Saturday, September 15, 2018

Refreshing My Legal Skills

I'm set to go back to work part-time. It's where I worked a few years ago--the Maryland Crime Victims' Resource Center. This time, I'm going to represent crime victims in administrative hearings and appeals to the courts. I was given the chance to attend a three-day training course offered to new Legal Aid attorneys by Maryland Legal Aid in Marriottsville, Maryland.

I opted in and attended, mainly because I've not been in a courtroom as a practitioner in a long time. It was both useful and fun--I got to hear some good, practical lecturers, mostly on evidence, and to make opening and closing statements, get documents admitted and an expert qualified, and conduct both direct and cross. The critiques--mostly by senior Legal Aid lawyers--were helpful and knowledgeable.

I likely was the oldest "new attorney" in attendance but that did not either bother me or make any difference. I was there to learn skills just like any other lawyer who hasn't been in the courts to try cases--in a long time, for me. One case was landlord-tenant and the other was child custody.

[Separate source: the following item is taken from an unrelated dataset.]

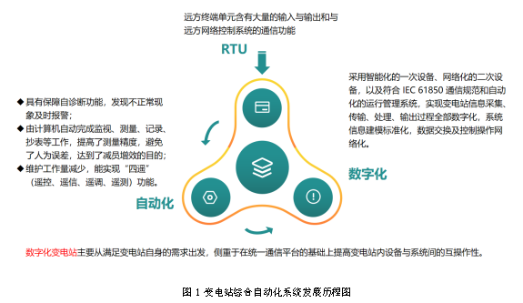 變電站綜合自動(dòng)化系統(tǒng)是指完成以下基本功能: l 從當(dāng)?shù)睾瓦h(yuǎn)方獲取電力系統(tǒng)信息; l 支持當(dāng)?shù)厥謩?dòng)和自動(dòng)功能; l 在變電站自動(dòng)化系統(tǒng)和電網(wǎng)管理系統(tǒng)之間,提供與開關(guān)設(shè)備的通信連接和接口。 這些功能可以由大量裝用的智能電子設(shè)備(IED)不同程度的組合來實(shí)現(xiàn)。 變電站綜合自動(dòng)化系統(tǒng)的發(fā)展主要經(jīng)歷了三個(gè)階段; 1)歷史上,開關(guān)設(shè)備和網(wǎng)絡(luò)管理系統(tǒng)的接口是在各變電站的遠(yuǎn)方終端單元(RTU)。RTU是一個(gè)集中單元,含有大量的輸入與輸出,基本沒有當(dāng)?shù)毓δ?,但是具有與遠(yuǎn)方網(wǎng)絡(luò)控制系統(tǒng)的通信功能。結(jié)構(gòu)上僅是站級(jí)概念,現(xiàn)場(chǎng)有關(guān)重要信息(如保護(hù)動(dòng)作信息等)通過硬接點(diǎn)送給RTU裝置,變電站的監(jiān)測(cè)量一般經(jīng)變送器變換后送給RTU,開關(guān)量監(jiān)測(cè)是直接引至RTU,RTU的控制輸出一般經(jīng)遙控執(zhí)行柜發(fā)出控制命令。整體系統(tǒng)功能不強(qiáng)、硬件設(shè)備重復(fù)、整體性能指標(biāo)低、適合于老系統(tǒng)改造。 2)相比與RTU,變電站自動(dòng)化系統(tǒng)以不同程度的分散結(jié)構(gòu)實(shí)現(xiàn)上述基本功能,通過這些功能可對(duì)變電站進(jìn)行管理,實(shí)現(xiàn)從線路隔離與接地到收集狀態(tài)監(jiān)測(cè)數(shù)據(jù)等所有自動(dòng)化功能。RTU的通信功能在變電站自動(dòng)化發(fā)展中變?yōu)橥ㄐ沤涌冢赏ㄐ啪W(wǎng)關(guān)執(zhí)行,根據(jù)所用的通信協(xié)議,網(wǎng)關(guān)將規(guī)約雙向轉(zhuǎn)換(即規(guī)約轉(zhuǎn)換器),在變電站自動(dòng)化分布式智能電子設(shè)備中存儲(chǔ)的信息通過網(wǎng)關(guān)傳送給SCADA主站與遠(yuǎn)方調(diào)度電網(wǎng)管理系統(tǒng)。 3)隨著信息技術(shù)已經(jīng)進(jìn)步到可以實(shí)現(xiàn)廣域保護(hù),依靠協(xié)調(diào)防御計(jì)劃來保護(hù)整個(gè)電力系統(tǒng),以及IEC61850作為《變電站通信網(wǎng)絡(luò)和系統(tǒng)》的新國(guó)際標(biāo)準(zhǔn),數(shù)字化變電站將以三層兩網(wǎng)式部署,三層分別是指站控層設(shè)備、間隔層設(shè)備和過程層設(shè)備,兩網(wǎng)分別是指站控層網(wǎng)絡(luò)和過程層網(wǎng)絡(luò)。間隔層包括數(shù)字式保護(hù)、計(jì)量、監(jiān)控等二次設(shè)備,負(fù)責(zé)間隔內(nèi)信息的運(yùn)算處理與控制,以及與過程層和站控層之間的網(wǎng)絡(luò)通信工作;過程層主要包括電子式互感器、合并單元、智能斷路器、智能開關(guān)、智能終端,該層主要實(shí)現(xiàn)信號(hào)的采集和對(duì)系統(tǒng)的操作控制。三層設(shè)備之間通過分層、分布、開放式的兩層網(wǎng)絡(luò)實(shí)現(xiàn)連接,兩層網(wǎng)絡(luò)物理上相互獨(dú)立,站控層網(wǎng)絡(luò)構(gòu)建為全站統(tǒng)一的MMS網(wǎng),過程層網(wǎng)絡(luò)則包括GOOSE網(wǎng)和SV網(wǎng)。但數(shù)字化變電站設(shè)置了大量的智能終端、交換機(jī)等過程層設(shè)備,使得整體動(dòng)作延時(shí)增加、網(wǎng)絡(luò)復(fù)雜。 圖1 變電站綜合自動(dòng)化系統(tǒng)發(fā)展歷程圖

They had been using the first for years and just made up the second. 

To me, the best lecturer was a long-time practitioner who now runs a bar review. He might have been the only person there--and that includes all the other lecturers and senior staff who were the judges--older than me. He was highly pragmatic and urged us to just keep using the techniques he described because then they would become second nature.

Some have asked why I'm going back to work--even part-time. I'm not at all bored with what I'm doing now. I won't be getting enough money for it to make a major difference. So I don't have a good answer: it's probably because it seems like it could be both satisfying and useful--and also fun.

Sunday, September 9, 2018

'The Wife' and 'Crazy Rich Asians'

Two new movies: The Wife is based on one of Meg Wolitzer's early novels--her penultimate one, The Interestings, was very good. She writes wonderfully and in Glenn Close, her leading character was played perfectly.

Jonathan Pryce is also excellent as the supremely egotistical husband: I did not see him in the original Miss Saigon but I do recall his initial  appearance on Broadway in Trevor Griffiths's play, Comedians, in which he plays a young British comedian with a totally different style. The promoter auditioning the comics discerns how good the young comic will be even though he realizes that his shtick is unlikely to succeed at first and in the provinces.

Close does deserve awards here and should get them even though I am skeptical of so-called sympathy votes. She should win this time on the merits. Her role requires her maintaining a closed exterior and as some reviews have noted, the movie does not include her witty lines in the novel as narrator.

Crazy Rich Asians is a fun picture, not to be taken too seriously but enjoyed. It's yet another example in our times of identity culture of a story that makes fun of its ethnic group but is seen as acceptable because the producers, cast, and crew are all member of the group. This does not take away from the picture's being well-made and clever.